To keep good things running, I’ll post here about the book I read throughout the year:
- “Reentry: SpaceX, Elon Musk, and the Reusable Rockets that Launched a Second Space Age” , by Eric Berger: 4/5, great successor to “Liftoff” on the time at SpaceX that created the Falcon 9 and Starlink, with early preview into Starship. Crazy company, motivating anyone to grind until success. Reversed the paradigm in space flight to try launching a perfect rocket, versus getting better incrementally. And they are still flying strong.
- “Skunk Works: A Personal Memoir of My Years of Lockheed” , by Ben Rich and Leo Janos: 5/5, really inspiring how a rather small group of specialists created amazing technical progress in a time well before modern computing, namely stealth technology. They created the flying origami, which eventually became the F-117A, as well as the SR-71 Blackbird. Back in the days, they were able to finish highly complex projects both on time, and under budget.
- “Stealth: The Secret Contest to Invent Invisible Aircraft” , by Dr. Peter Westwick: 4/5, perfect follow-up on Ben Rich’s book on Skunk Works. Includes the view of Northrop on how the B-2 became to be, and how the development team worked very differntely compared to Lockheed (less computers, more experimental). Still flying today, but absurdly expensive. Now I’m only lacking books on how F-22 and F-35 came to be, as well as rest-of-the-world planes.

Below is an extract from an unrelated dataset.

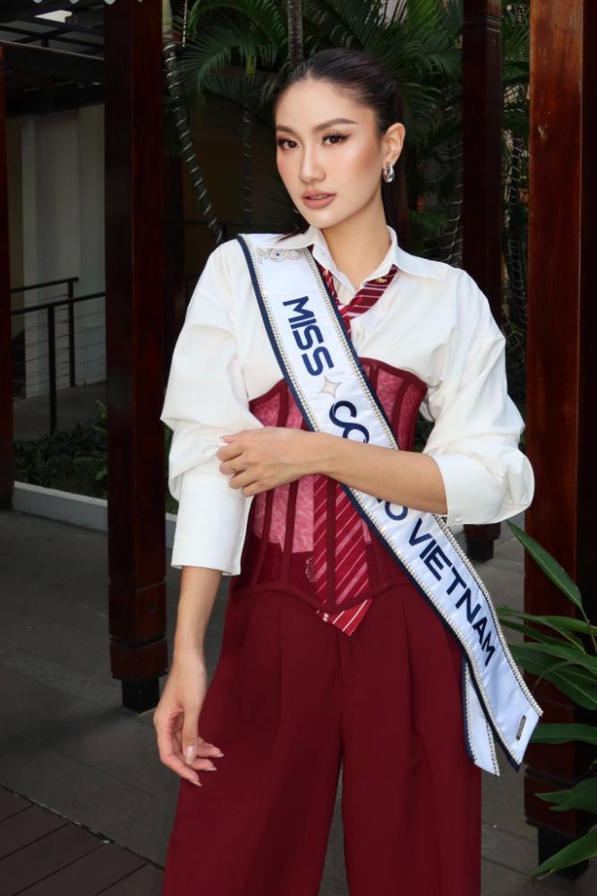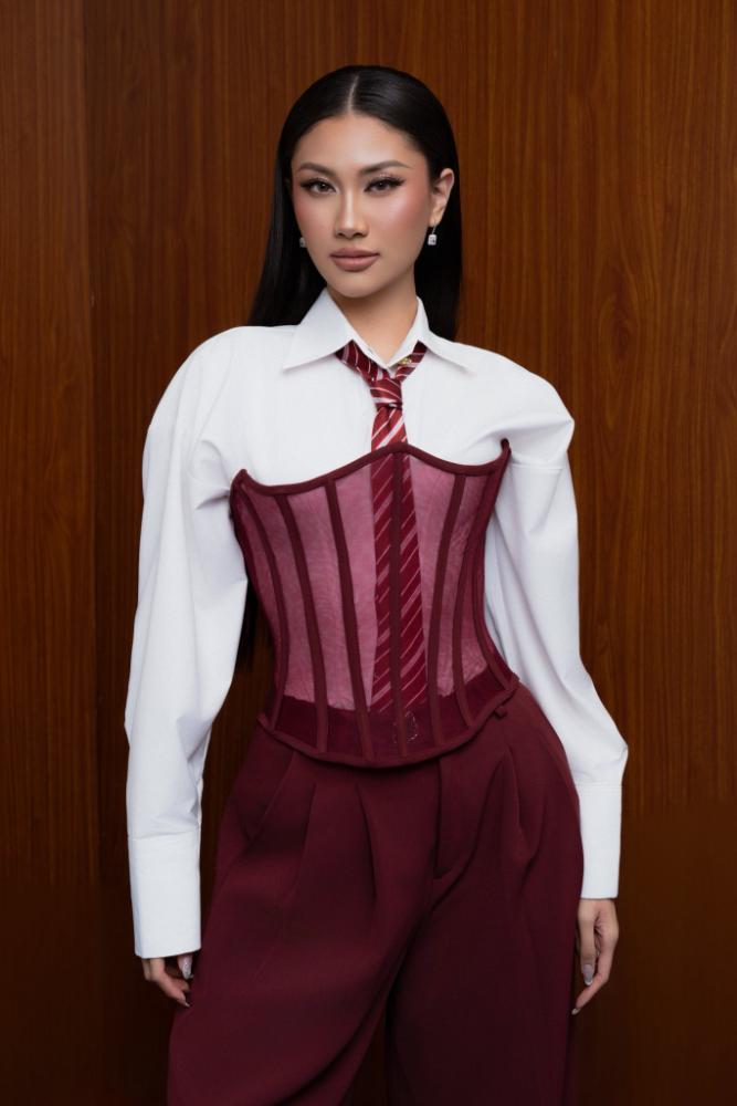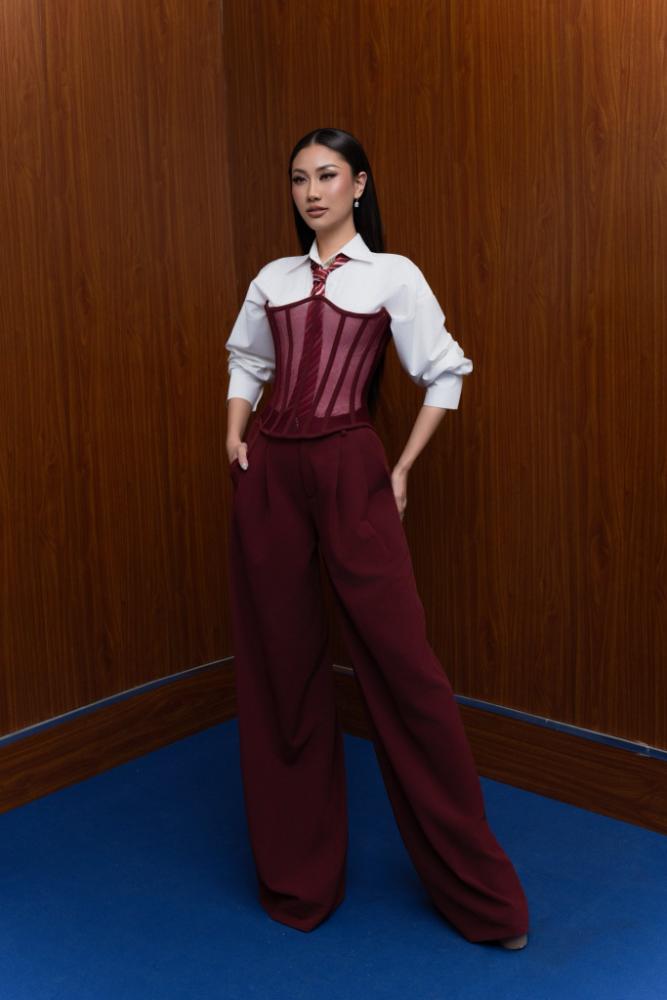 Dù gặp phải một số vấn đề sức khỏe về mắt, người đẹp vẫn giữ tinh thần lạc quan, chủ động tham gia mọi hoạt động. Ở ngày thứ 4, Phương Linh tiếp tục gây ấn tượng với outfit menswear phá cách: Sơ mi trắng tay dài xắn nhẹ, layer cùng corset đỏ burgundy, quần ống suông và cà vạt đỏ sọc. Bộ trang phục toát lên vẻ hiện đại, cá tính nhưng vẫn sang trọng.
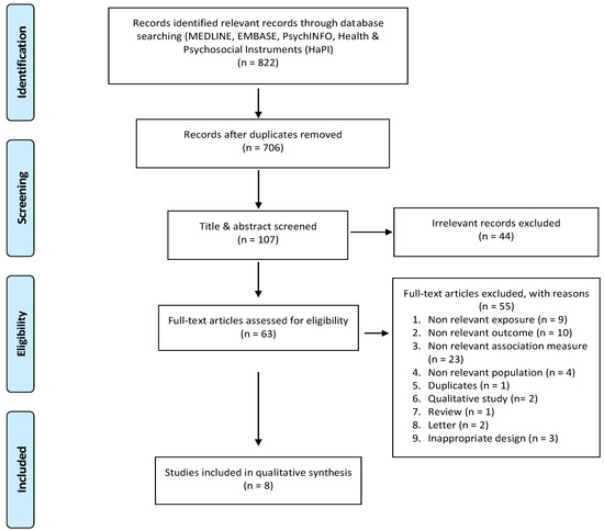 The electronic search identified 822 candidate studies, 706 of which remained after the elimination of duplicates (Figure 1). A total of 599 publications were excluded, and 107 remained for title and abstract screening, of which 44 were excluded and 63 remained for full-text examination, of which 55 were excluded, as the goal was to include cross-sectional and cohort studies that reported the prevalence of PTDS and carried out a regression analysis of possible risk factors. The final search resulted in a total of eight studies enrolled in the qualitative synthesis. The eight studies were of cross-sectional design and are summarized by characteristics in Table 1, quality in Table 2, and estimates (prevalence and odds ratio) in Table 3 [3,20,21,22,23,24,25,26]. Six of the eight studies reported PTSD symptoms among healthcare professionals during the COVID-19 pandemic in Asia (China [20,21,22], Singapore [3], and India [3]) and North America (United States of America [23,24]), while two studies were undertaken during the SARS-2003 pandemic in Asia (China [25] and Singapore [26]).

- “Focus - The ASML Way” , by Marc Hijink: 3/5, on how the global dominance of ASML on litography systems came to be, albeit a bit thin for my taste on the technical details. Great in combination with this really exquisite presentation on the topic from the CCC congress in 2024.
- “Androids” , by Chet Haase: 3/5, on how Android was initially built in late 2008-ish. Bit repetitive on the history of all the different people involved, and how the team moved between Microsoft, Danger to then Google. Really short chapters, but plenty of them - felt a bit like it was written and then shortened by corporate message control, or written without clear content strategy.
- “Challenger” , by Adam Higginbotham: 5/5, on the disaster of the Challenger in 1986 and the overall Space Shuttle program by NASA. After reading his previous book Midnight in Chernobyl, this was a must-read for me. Truely excellent!
Last update on 2026-06-03, thanks for listening!